POIGEM: A Programming-Oriented Instruction Level GPU Energy Model for CUDA Program

  • Qi Zhao
  • Hailong Yang
  • Zhongzhi Luan
  • Depei Qian
Part of the Lecture Notes in Computer Science book series (LNCS, volume 8285)


GPU architectures tend to be increasingly important in multi-core era nowadays due to their formidable computational horsepower. With the assistant of effective programming paradigms as CUDA, GPUs are widely adopted to accelerate scientific applications. Meanwhile, the surging energy consumption by GPUs becomes a major challenge to both GPU architects and programmers. In addition to the efforts designing energy efficient GPU architecture, comprehensive understanding on how programming affects the energy consumption of GPU application is also indispensable from the programmer perspective.

In this paper, we present a programming-oriented PTX instruction level energy model to provide programmers the ability of predicting the energy consumption of their program. Distinct from previous models which require hardware performance counters or architectural simulations, our model relies on the PTX instruction of a CUDA program which is not only portable but also accurate. With the selected PTX instructions based on empirical study, we apply linear regression to build the GPU energy model.
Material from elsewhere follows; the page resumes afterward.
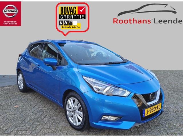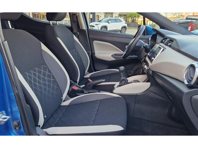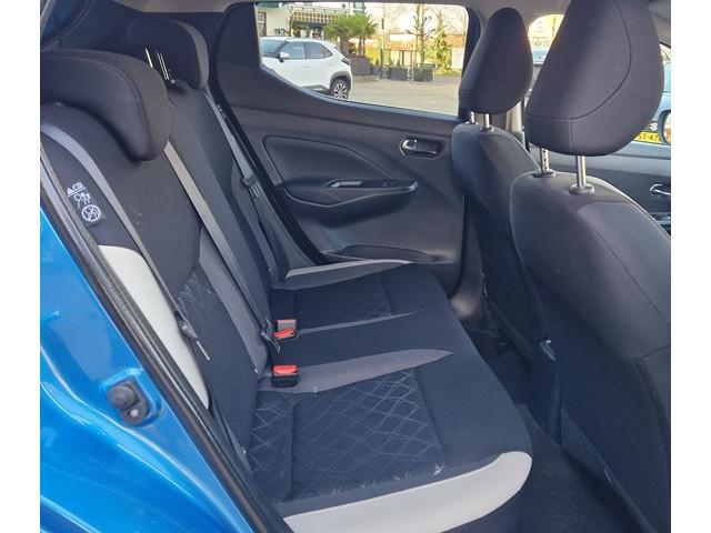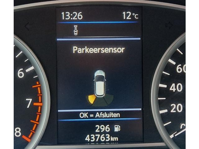2 hoofdsteunen achter, 3-punts veiligheidsgordels achter (automatische oprolfunctie) (x3), 5'' Kleuren TFT instrumentenpaneel, 12V aansluiting, 16'' Lichtmetalen velgen, 60/40 neerklapbare achterbank, ABS (antiblokkeerremsysteem), Achterspoiler, Android Auto, Apple CarPlay, Armsteun voorportieren met grijze inzetstukken, Automatische inschakeling van de ruitenwisser achteraan bij het inschakelen van de achteruitversnelling, Automatisch in-/uitschakelende koplampen, Bandenreparatieset, Bekerhouders (2 voor en 1 achter), Bekleding stof 'modern' zwart met grijze inzetstukken en stiksels, Binnendeurengrepen in chroom, Bovenste deel van het dashboard in soft-touch materialen, Buitenspiegels in carrosseriekleur, Centrale deurvergrendeling met afstandsbediening, Chassis Control Systeem (Active Trace Control, Active Ride Control), Cruise Control en snelheidsbegrenzer, Deurgrepen achteraan geïntegreerd in de achterstijl, Deurgrepen vooraan carrosseriekleur, EBD (elektronische remkrachtverdeler), ESP (Electronic Stability Program), Elektrische ruiten vooraan en achteraan, Frontale airbags (uitschakelbare passagiersairbag), Getint glas, Gordelwaarschuwing, Gordijn airbags, Halogeen koplampen met lichtsignatuur, Hill start assist, ISOFIX kinderstoel bevestigingspunten passagierszijde en achter, In hoogte en diepte verstelbaar stuurwiel, In hoogte verstelbare bestuurdersstoel, Intelligente noodremhulp (AEB), Interieurverlichting en verlichting bedieningsknoppen elektrische ruiten, Kindersloten op de achterportieren, LED dagrijverlichting, Lederen stuurwiel met stiksels, Manuele airconditioning, Metaalkleur, NBAS (Nissan Brake Assist), Nissan Connect, Opbergbakken in de binnenportieren voor en achter met flessenhouders, Opbergvak op de rugleuning van de passagiersstoel, Parkeersensoren achter, Schakelindicator, Snelheidsafhankelijke stuurbekrachtiging, Start & Stop systeem, Startonderbreking, Stuurwielbedieningen: boordcomputer, audio, telefoon, snelheidsbegrenzer / cruise control, TPMS (bandenspanning controlesysteem), Traction Control System (TCS), Uitneembare bagage-afdekking, Veiligheidsgordels voor en achter met gordelspanners en spankrachtbegrenzers, Verstelbare hoofdsteunen voor, Verwarmde buitenspiegels, Zachte kniesteunen met stiksels, Zijdelingse airbags vooraan, Zonneklep voor bestuurder en passagier met make-up spiegeltje, kofferbakverlichting

One appealing advantage of our model is that it does not require any instrumentation or profiling of the GPU application during execution. Actually, our model is able to advise the programmers step by step to illustrate how their way of programming impacts the final energy consumption, especially at the stage of hacking the codes. Our model is evaluated on NVIDIA GeForce GTX 470 with Rodinia benchmark suites. The results show the accuracy of our model is promising with average prediction error below 3.7%. With the help of our GPU energy model, the programmers are gaining valuable insights to improve the energy efficiency of the application.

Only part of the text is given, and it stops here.